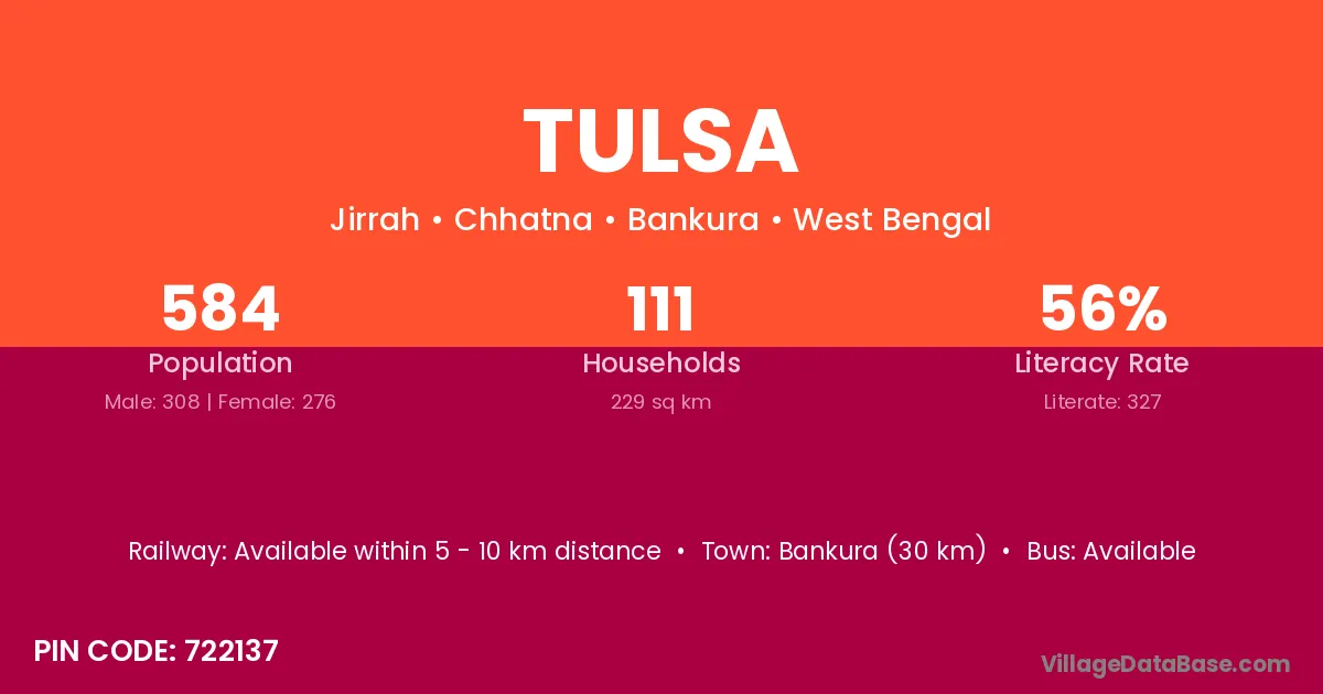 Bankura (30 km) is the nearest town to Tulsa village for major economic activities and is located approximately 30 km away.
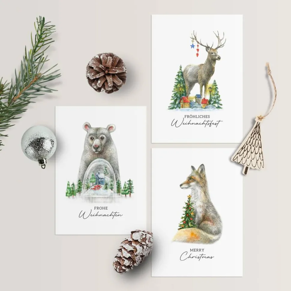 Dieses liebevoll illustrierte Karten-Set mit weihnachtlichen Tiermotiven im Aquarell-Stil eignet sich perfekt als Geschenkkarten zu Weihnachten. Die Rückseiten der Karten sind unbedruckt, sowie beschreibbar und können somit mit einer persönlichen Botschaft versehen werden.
...
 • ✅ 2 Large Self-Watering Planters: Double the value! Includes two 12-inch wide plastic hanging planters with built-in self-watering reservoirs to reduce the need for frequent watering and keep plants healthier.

TASK — Reproduce the lines above starting at the one with "Bankura (30 km)" and ending at the one with "Dieses liebevoll illustrierte", both included, exactly and with no pictures.

EXERCISE RESPONSE —
 Bankura (30 km) is the nearest town to Tulsa village for major economic activities and is located approximately 30 km away.
 Dieses liebevoll illustrierte Karten-Set mit weihnachtlichen Tiermotiven im Aquarell-Stil eignet sich perfekt als Geschenkkarten zu Weihnachten. Die Rückseiten der Karten sind unbedruckt, sowie beschreibbar und können somit mit einer persönlichen Botschaft versehen werden.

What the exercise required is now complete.